Inverness, Old Perth Road, Police Headquarters
Unidentified Flint(S) (Neolithic), Unidentified Pottery (Neolithic)
Site Name Inverness, Old Perth Road, Police Headquarters
Classification Unidentified Flint(S) (Neolithic), Unidentified Pottery (Neolithic)
Canmore ID 356127
Site Number NH64SE 583
NGR NH 68586 44337
Datum OSGB36 - NGR
Permalink http://canmore.org.uk/site/356127
- Council Highland
- Parish Inverness And Bona
- Former Region Highland
- Former District Inverness
- Former County Inverness-shire
Watching Brief (1997)
The site was observed during the stripping of topsoil because there had been finds of prehistoric material in the surrounding area, and it was expected that similar material might occur here.
Intensive observation of the stripping revealed a few features of modern date cutting into the subsoil, a selection of nineteenth and twentieth century potsherds, some aluminium tent-pegs and a selection of golf balls. Two items are of more direct archaeological interest, however, and they are detailed below.
The first item was recovered from the E side of the site, at the base of topsoil. It is a fist-sized cobble of dark-grey flint, unworked but with plough damage. It must have been brought into the area by flint-using people in prehistory, since it is alien to the geology of the area.

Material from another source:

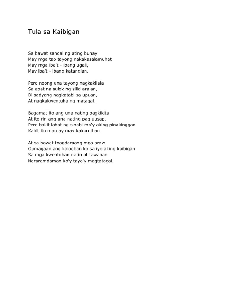 Tula sa isang kaibigan Hindi kilalang Hindi kita mabibigyan ng mga solusyon para sa lahat ng mga problema sa buhay o wala rin akong mga sagot para sa iyong mga pag-aalinlangan o takot ngunit maaari kang makinig sa iyo at ibahagi ito sa iyo.

Of more substantial interest were the remains of a pit cut into subsoil found towards the S of the site. Approximately 0.8m in diameter and 0.2m deep as preserved, it would originally have been some 0.8m deep. It was filled with a dark silty soil surrounded by a mix of dark soil and gravel, which contained a quantity of burnt stone. From the fill came 9 sherds of a large cooking pot with an internally expanded rim decorated by two parallel lines of widely-seperated ?finger-nail imprints. One rim sherd also had the remains of a line of small dots about 20mm below the rim. The fabric and form of the pottery identifies it as Grooved Ware of the Late Neolithic period, in use until about 2500BC, but it could be older. It is similair to the pottery used at the village of Skara Brae in Orkney, but although common in Orkney, it is rare in our area. The pit also contained a small quantity of charcoal and three waste flakes of flint, showing flint-working had been carried out nearby, even though no flint was observed in the topsoil.